Jean Hailes Research Unit, School of Public Health and Preventive Medicine, Monash University, 553 St Kilda Rd, Melbourne, VIC, 3004, Australia.
Parenting Research Centre, 232 Victoria Parade, East Melbourne, VIC, 3002, Australia.
BMC Pregnancy Childbirth. 2018 May 9;18(1):145. doi: 10.1186/s12884-018-1775-4.
Complications during pregnancy, childbirth and the postpartum period present a significant and complex public health problem in low income countries such as Ethiopia. One strategy endorsed by the World Health Organisation (WHO) to improve maternal and child health outcomes is to encourage male partner involvement in pregnancy care.
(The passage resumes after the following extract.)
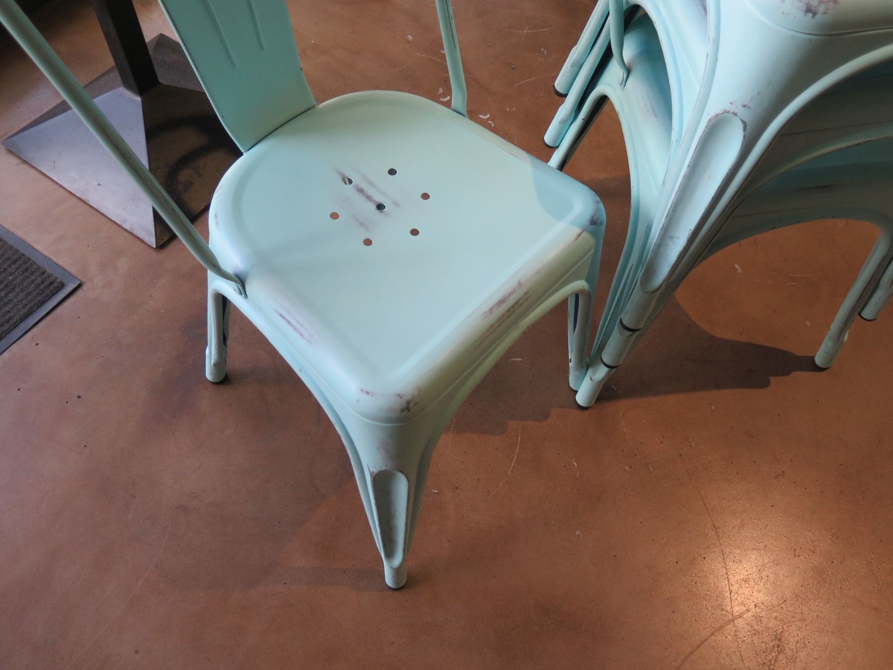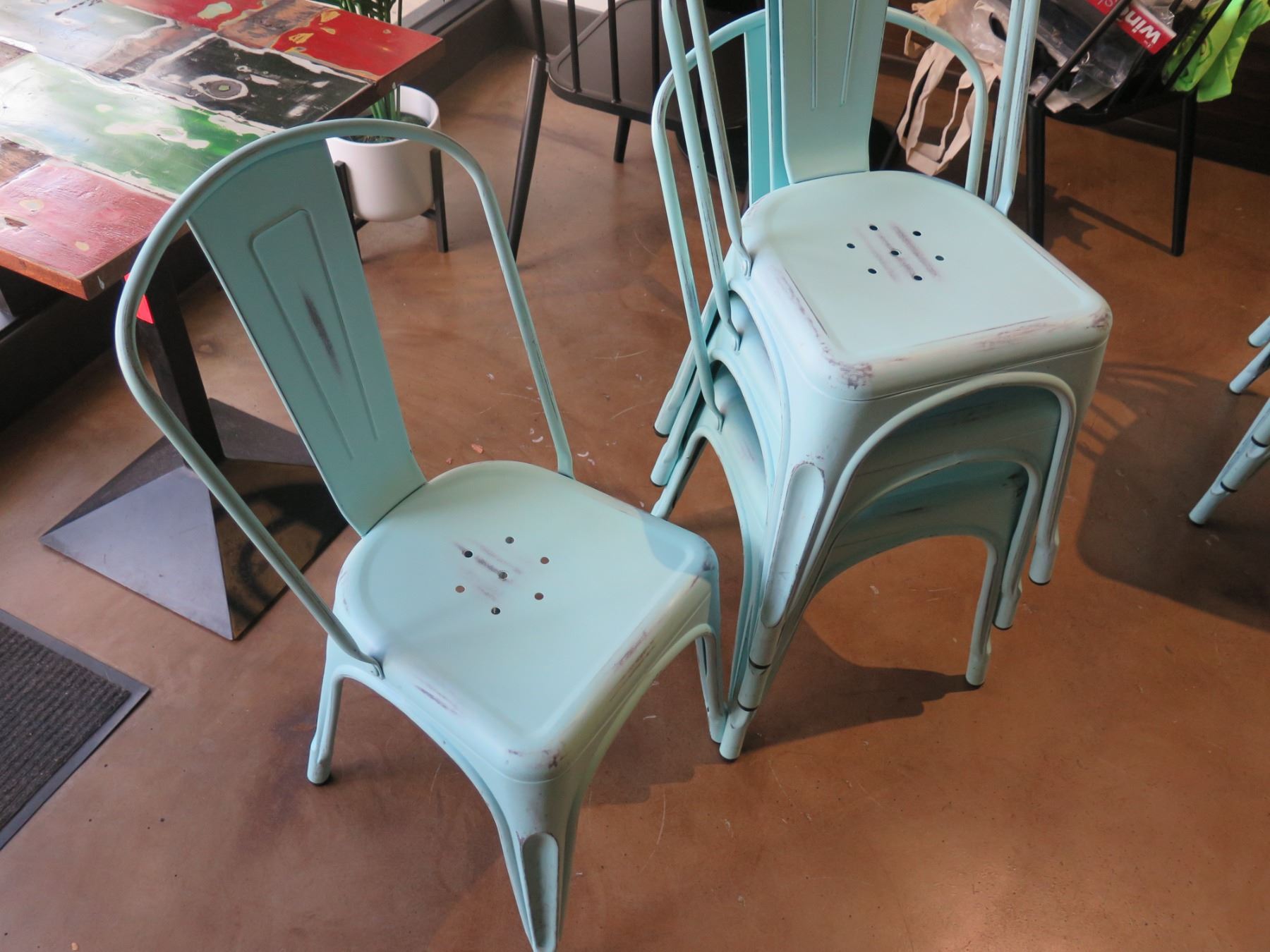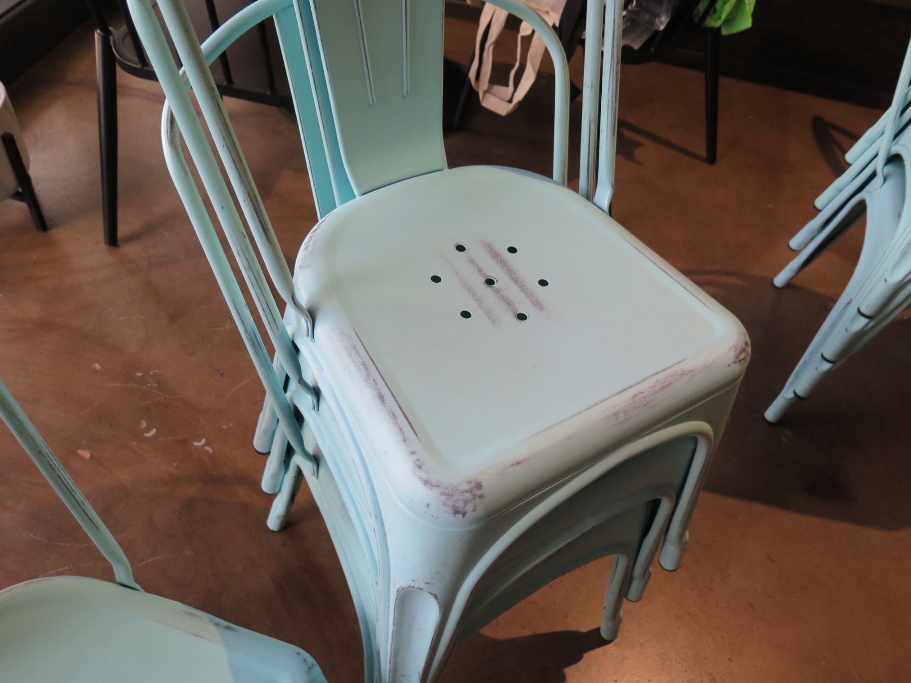 Qty 4 Blue Patina Stacking Chairs

This research aimed to explore the relationships between 1) male attendance at antenatal care and 2) socio-economic and women's empowerment factors and adherence to focused antenatal care guidelines among women receiving care in Ethiopia.
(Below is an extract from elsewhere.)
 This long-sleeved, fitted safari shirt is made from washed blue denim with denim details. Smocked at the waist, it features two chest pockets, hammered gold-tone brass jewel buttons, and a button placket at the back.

Secondary analysis of 2011 Ethiopian Demographic and Health Survey (DHS) data. A sub-sample of couples with a child aged 0-2 years old, for whom women attended at least one antenatal care (ANC) appointment was selected. Predictor variables on socio-economic position, demographic and women's empowerment factors, and male attendance at antenatal care were identified. Six outcome variables were constructed to indicate whether or not women: commenced ANC in the first trimester, attended at least four ANC appointments, received a urine test, received a blood test, were counselled on potential complications during pregnancy and met these focused antenatal care guidelines. Binary logistic regression was performed to estimate the relationship between the predictor and outcome variables.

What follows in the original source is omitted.